For young males, coming of age is often when they do something that impresses themselves and their peers sufficiently that they "can stand on their own two feet," that they are "men" now. The actual rite of coming of age may well be a sequence of events, rather than a single act, for most boys -- and likely differs from boy to boy. In our society we don't have instituted "coming of age" beyond turning 18 or 21, the getting of a driving license, or depending on your religion, confirmation or Bar Mitzvah. In the past, coming of age may have been equated with military service. Nevertheless, it seems some boys feel the urge to demonstrate their manhood and prove themselves as men, especially those boys who've come from abusive homes or have abusive fathers.
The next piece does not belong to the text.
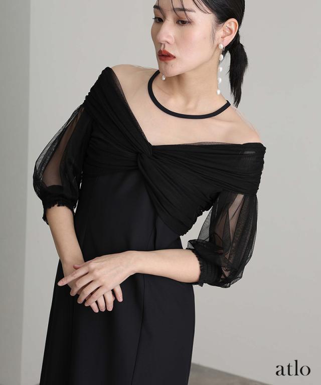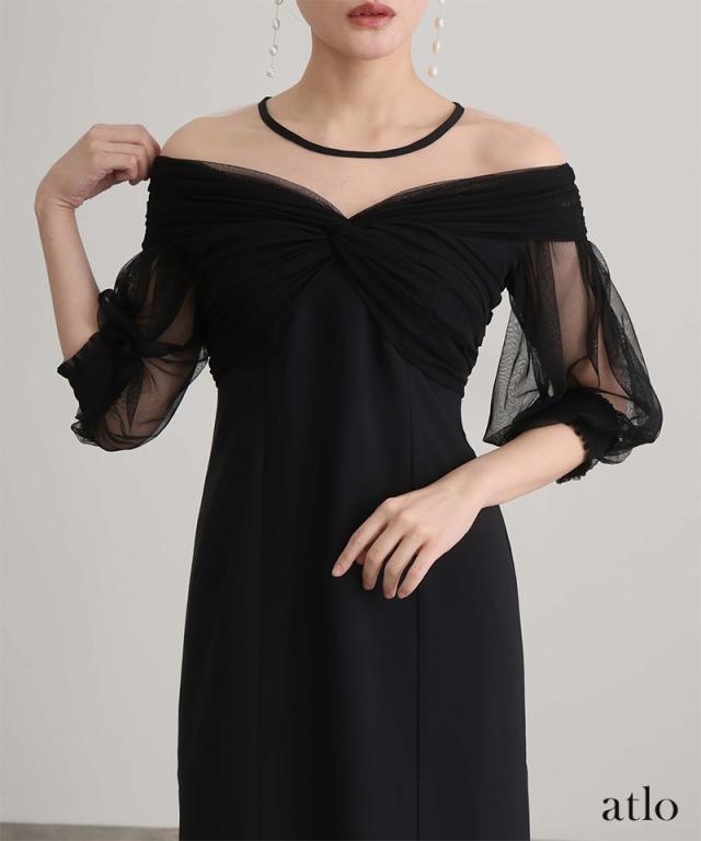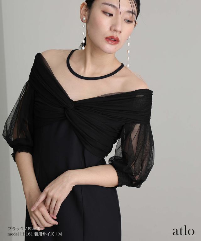 チュールカシュクールオフショルダードレス【401251511】10代・20代・30代・40代・50代・ドレスワンピ・フォーマルワンピ・パンツドレス・服装・ワンピース・ドレスカジュアル・ブランド・七分袖・長袖・ロング・膝丈・薄手・厚手・無地・刺繍・脚長効果・伸縮性・キレイめ・着やせ・体型カバー・スタイルアップ・レース・リボン・ドレープ・小さいサイズ・3Lや4L・かっこいい・かわいい・即日発送・送料無料・結婚式・婚活・披露宴・顔合わせ・発表会・演奏会・二次会・同窓会・お呼ばれ・食事会・謝恩会・親族・七五三・お宮参り・冠婚葬祭・弔事・女子会・韓国・デート・入学式・卒業式・入園式・卒園式・ママ・ピアノ・マタニティー・セレモニー・セレブ・パーティー

Sometimes that "proof" comes in the form of losing virginity, and this is especially seen in language such as "boys will be boys," they are "sowing their wild oats," and even the myth that all men just want as many partners as possible. While I think there is some truth to boys wanting as many partners as possible (possibly unconsciously due to a historical evolutionary need for them impregnate as many women early on, due to a tendency for men to die young, e.g. defending the tribe), adult men tend to realize that their children have a better chance at surviving and prospering if they stick around, helping the mothers of their children to survive and raise their kids.
Evolution aside, boys still grow up with -- even in many societies where it is now much less likely they will die young defending the tribe -- the lingering idea that boys should want to have as much sex as possible: no doubt many boys feel the pressure to live up to the expectations of society, even beyond their own teenage hormones, and 'sow their oats'. Perhaps college is the first opportunity for some of those young men to do so, and perhaps this is why they feel it is somehow okay even to drug or otherwise coerce girls into having sex with them (rape).
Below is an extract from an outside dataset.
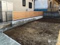 新築のお住まいの外構工事をご依頼いただきました。駐車スペースとして広々と使えるように主庭部分まで土間コンクリートを打設しました。道路境界にはブラックの目隠しフェンスを設けて、お車の出入りが周囲の迷惑にならないよう配慮しました。

I think it is vitally important we give up putting boys under implicit pressure -- to have sex as often as and with as many girls as possible while still young men -- via the obsession with sex in our society, even as sex is ostensibly forbidden, especially on religious grounds by many Christians.
No doubt boys feel pressure to engage in a relationship, as the usual way for boys to get regular sex from a girl. Boys learn young to feign love so they can get sex, as girls are conditioned from a young age to need a man to feel complete and so will often give sex once they have been told they are loved or given sufficient attention, despite solemn vows of abstinence.
This is an additional issue: society places an onus upon girls to refuse sex, even while boys are often absolutely insistent in demanding sex from girls. Upon reaching their teenage years, there are the mixed messages of girls being told to cross their legs and remain "good girls" while boys are implicitly or explicitly pressured to uncross as many girls' legs as possible. Society even insists that it is up to girls to protect boys from their own lust (e.g. via sexist dress codes, "purity balls" for girls and their fathers); girls are made to be responsible yet have often no tools to withstand the insistence of boys.
Even beyond simply "scoring" as much sex as possible, boys can feel overwhelmed at the prospect of maintaining a relationship with a woman. They have to demonstrate their worthiness as the ability to support themselves and a wife and children - another milestone in proving their manhood, the step of taking a wife. Also many boys have never seen successful relationships between men and women so don't know how it is done. TV is less than instructive and many men leave women they have impregnated because they just don't know how to be in a relationship. Meanwhile women are taught to be needful of a man because she's been conditioned to think she needs one to be a woman. These stereotypes are helping no one.
To be financially worthy, in themselves or to take a wife, boys facing the prospect of manhood also face endless possibilities when it comes to career and lifestyle -- whereas the expectation for girls is still first and foremost to have children. Society presents girls and women have with the need to justify why they may choose not to have children, or why they might rank their careers as equal to or even more important than having families of their own. By contrast, it is rather more optional for men whether they commit to having a family, much less placing an emphasis on family equal to, much less above, that of their careers. Unlike women, there is no question of men being able to "have it all" or being "super dads."
Boys faced with unlimited choice may feel overwhelmed by the number of possibilities open to them. This may especially be daunting for boys facing the "coming of age" years into manhood. While women may feel the urge to invoke "the world's smallest violin," wishing they had such problems (girls are faced with the only option of becoming a mother), many boys lack confidence for what society expects of them. Yet boys are also told never to display fear, talk about their troubles or emotions meaningfully, or ask for help undergoing the challenge of growing into men. Society just says: GO! and the only immediate, loudly-repeated ideal of "becoming a man" society promotes is often "sow your wild oats."
Tragically, any boy or young man who feels inadequate sexually, emotionally, and/or economically (especially with the increasingly harsh economic pressures on anyone not in the flaky-most layer of society's upper crust) may find that the unrepentant, sacred ease of access to guns in the US gives a new, deadlier way to come of age: gun violence and mass shootings, especially by young men.